Mona Chalabi at FiveThirtyEight on queueing theory as applied to grocery stores.
Heuristics for estimating life expectancy, from Decision Science News.
Natalie Wolchover at Quanta Magazine, At the Far Ends of a New Universal Law, on the Tracy-Widom distribution from random matrix theory.
How to tell the temperature using crickets from Priceonomics. (Supposedly this eventually goes back to the Arrhenius equation but a quick Google only finds me unsupported claims of this fact.

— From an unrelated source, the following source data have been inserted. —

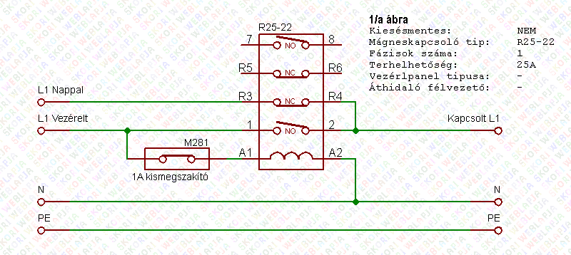 Az R25-22 és hasonló mágneskapcsolóknak 4db érintkezõje van, melyek egyenként 25A terhelhetõségûek.
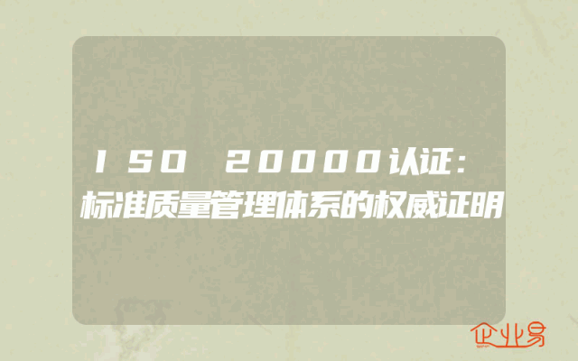 - ISO20000认证解析:标准质量管理体系的权威证明一、ISO20000认证概述ISO20000认证是国际标准化组织(ISO)针对信息技术服务管理体系(ITSMS)的一项权威认证。随着信息技术的飞
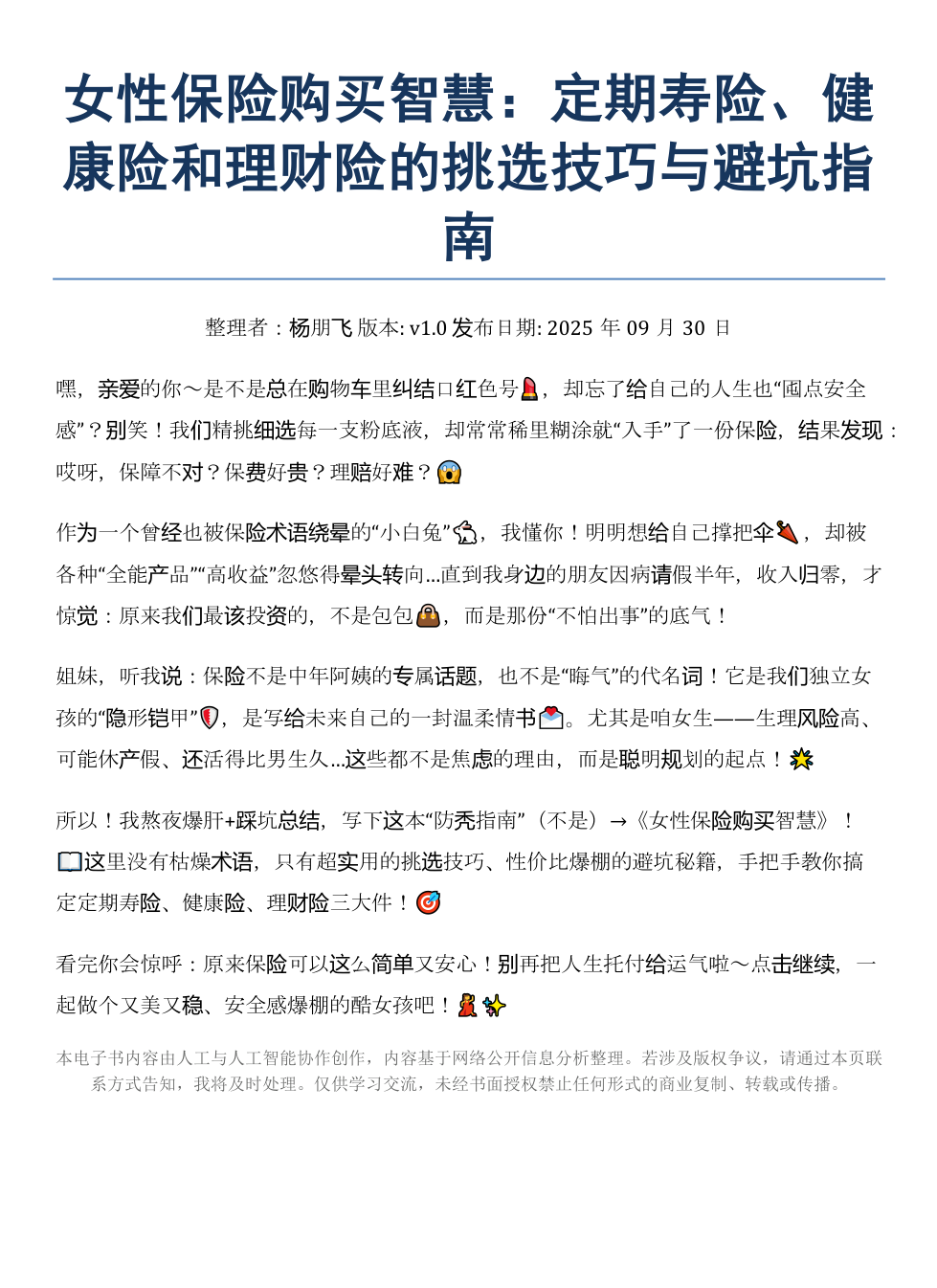 所以!我熬夜爆肝+踩坑总结,写下这本“防秃指南”(不是)→《女性保险购买智慧》!📖这里没有枯燥术语,只有超实用的挑选技巧、性价比爆棚的避坑秘籍,手把手教你搞定定期寿险、健康险、理财险三大件!🎯
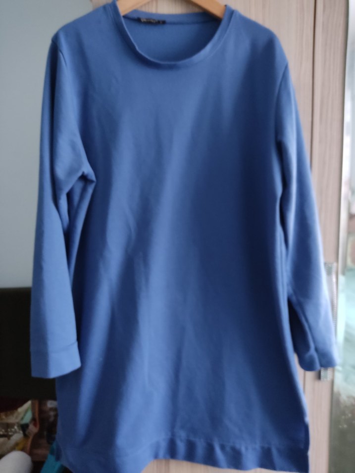 Mavi renkte, yuvarlak yakalı ve uzun kollu hamile midi tunik. Yumuşak ve sıcak kumaştan, salaş kesimli, minimal ve günlük kullanıma uygun.
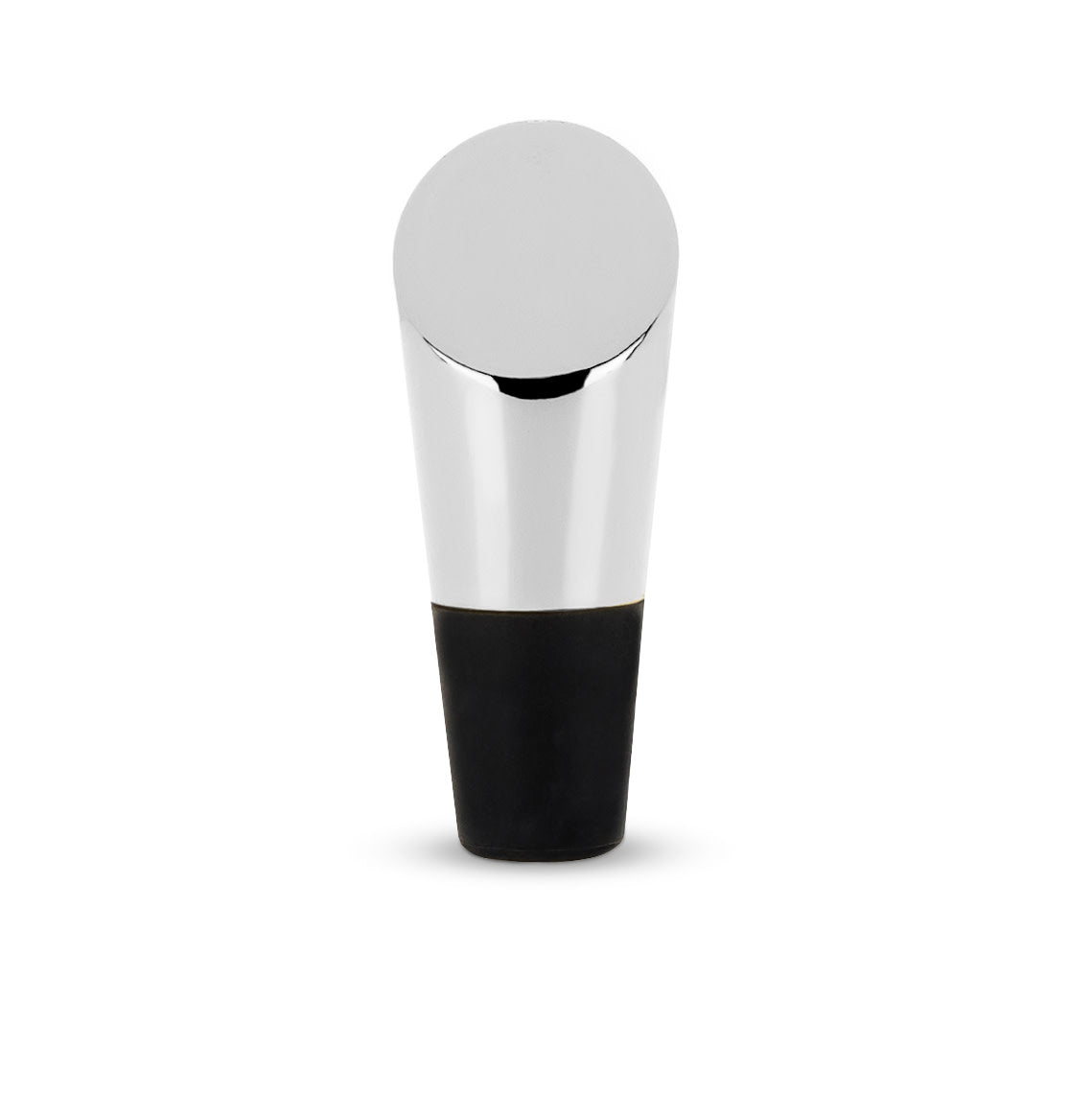 Eye-catching stainless steel with a smooth silicone sleeve puts our heavyweight bottle stopper in center stage. Simple in design, the slanted crown and polished metal suggest an opulence that transcends the average wine accessory.
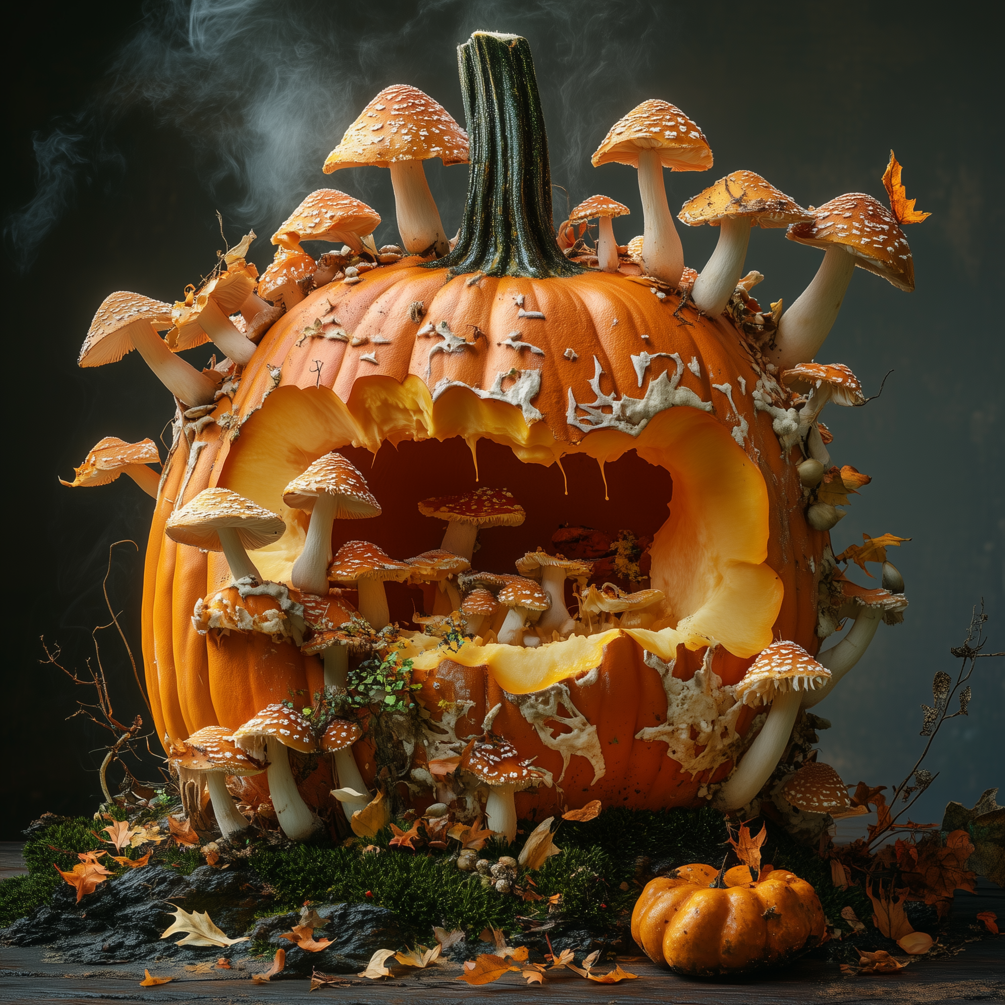 This image depicts realistic mushrooms emerging from the remnants of partially smashed pumpkins. The contrast between the earthy tones of the mushrooms and the vibrant orange of the pumpkin creates a striking visual.
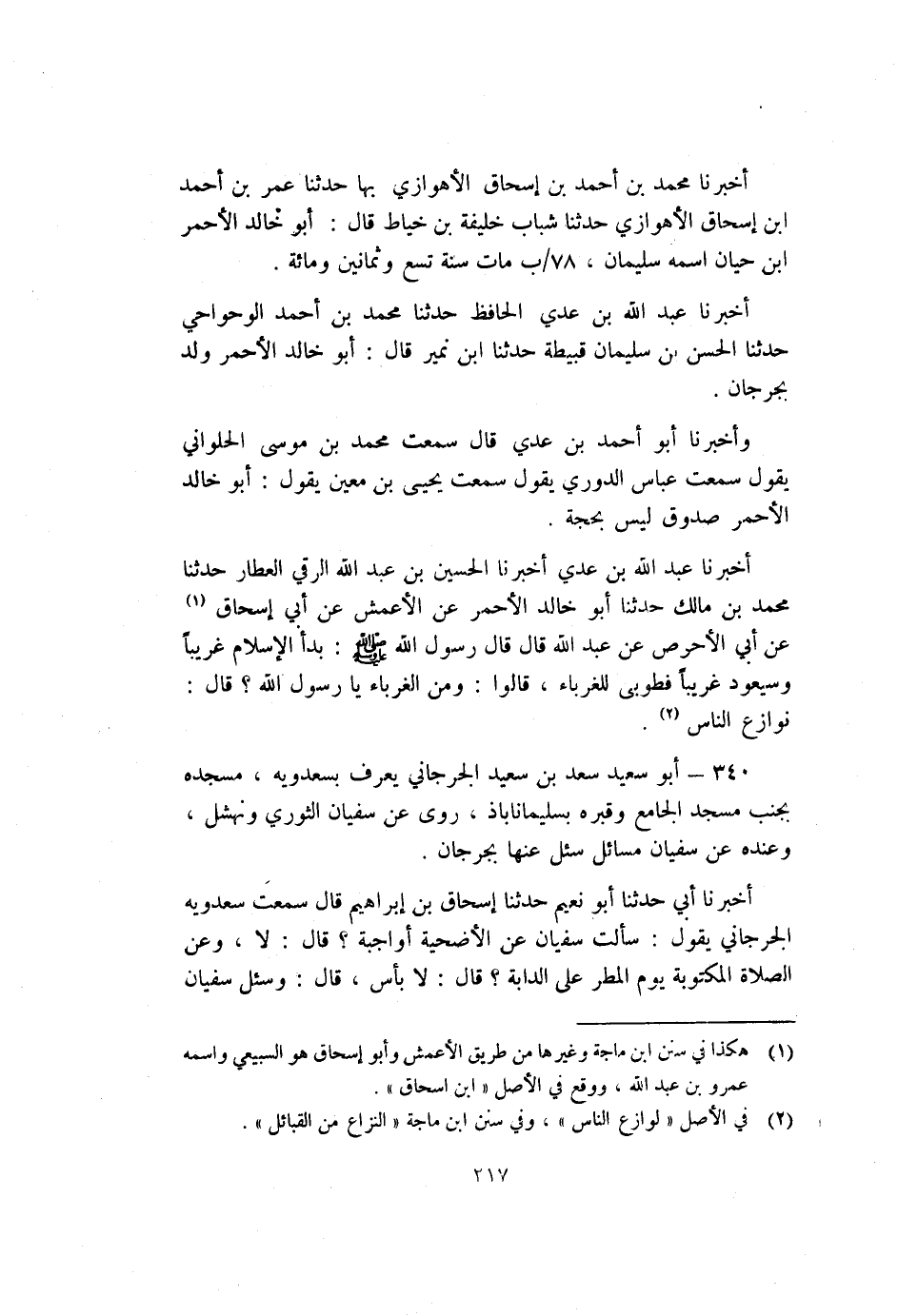 أَخْبَرَنَا عَبْدُ اللَّهِ بْنُ عَدِيٍّ أَخْبَرَنَا الْحُسَيْنُ بْنُ عَبْدِ اللَّهِ الرَّقِّيُّ الْعَطَّارُ حَدَّثَنَا مُحَمَّدُ بْنُ مَالِكٍ حَدَّثَنَا أَبُو خَالِدٍ الأَحْمَرُ عَنِ الأَعْمَشِ عَنْ أَبِي إِسْحَاقَ1 عَنْ أَبِي الأَحْوَصِ عَنْ عَبْدِ اللَّهِ قَالَ: قَالَ رَسُولُ اللَّهِ صَلَّى اللَّهُ عَلَيْهِ وَسَلَّمَ: "بَدَأَ الإِسْلامُ غَرِيبًا وَسَيَعُودُ غَرِيبًا فَطُوبَى لِلْغُرَبَاءِ" قَالُوا: وَمَنِ الْغُرَبَاءُ يَا رَسُولَ اللَّهِ قَالَ: "نَوَازِعُ النَّاسِ" 2.
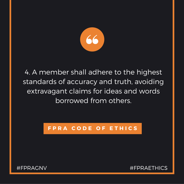 We’re on to the fourth principle of the FPRA Code of Ethics: “A member shall adhere to the highest standards of accuracy and truth, avoiding extravagant claims for ideas and words borrowed from others.”
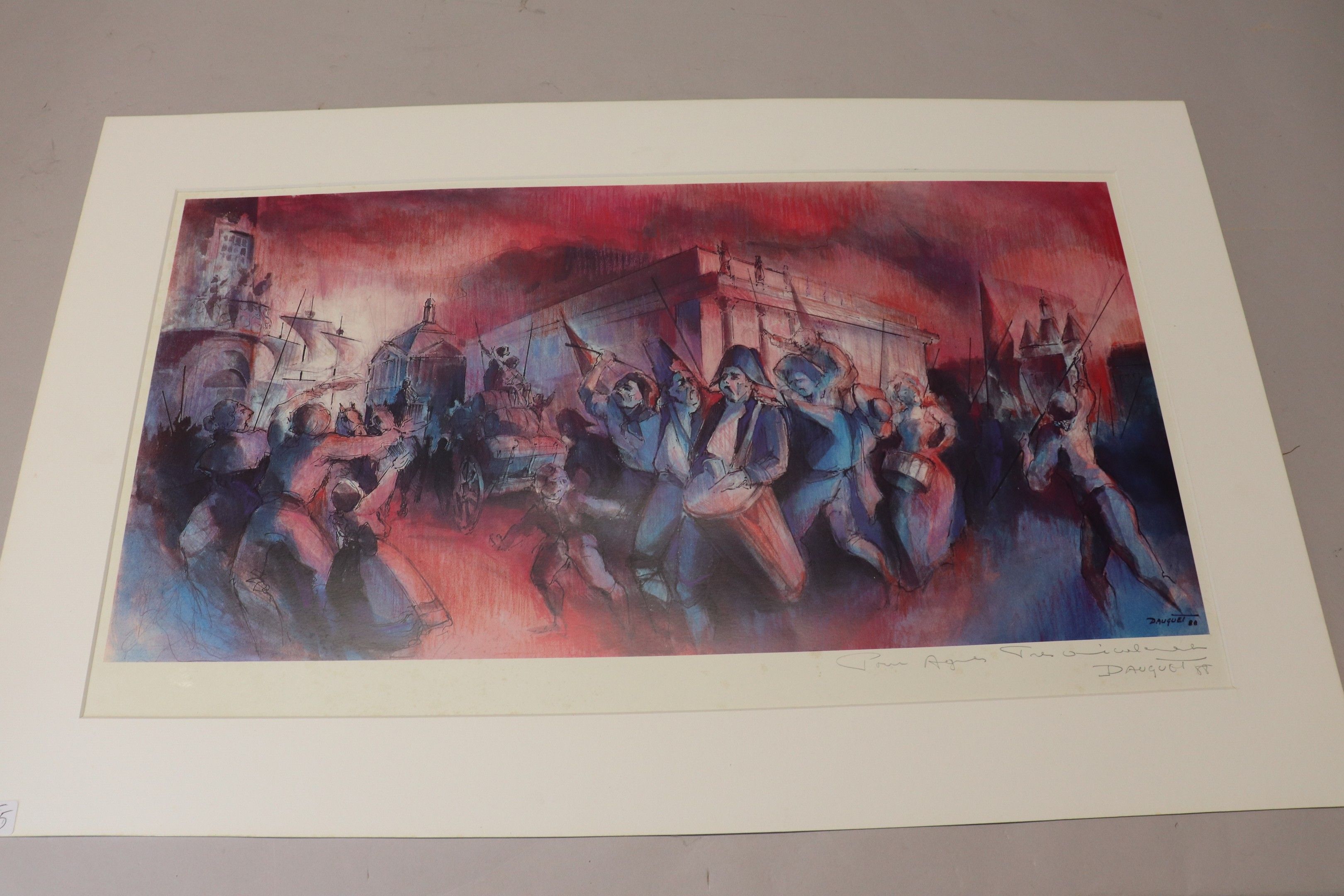 Polychrome reproduction of "Révolution française" after Jean-Claude DAUGUET (1939-2002), with dedication.
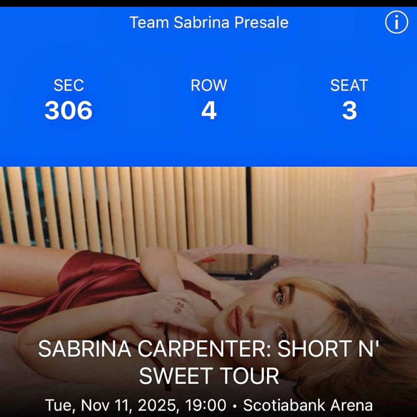 10I have two ticket for Sabrina Carpenter's Short N' Sweet Tour. It's for the show on Tue, Nov 11, 2025, 19:00 at Scotiabank Arena. Details: - Section: 306 - Row: 4 - Seat: 3 and 4

Google Scholar is a little better.)
Better Explained has an interactive guide to the Fourier transform and the law of sines. (I bet at least one of these is old, but I came across them this week.)
Colm Mulcahy has rounded up a bunch of Martin Gardner’s puzzles for the BBC, in honor of the 100th anniversary of Gardner’s birth, and also his top ten Scientific American columns The CBC program The Nature of Things did a show on Martin Gardner in 1996.
I’m still working out what to think of this app that solves math problems by pointing your phone at them.
Tiny Data, Approximate Bayesian Computation and the Socks of Karl Broman applies Bayesian computation to doing the laundry.
A book on the foundations of data science (high-dimensional geometry, Markov chains, etc.) by John Hopcroft and Ravindran Kannan of Microsoft Research is available online.
Users of MathOverflow have compiled a list of obscure names in mathematics, i. e. theorems whose names don’t tell you what the theorem is about or who discovered it.
Michael Jordan is interviewed by IEEE Spectrum and comments on how that process was disillusioning.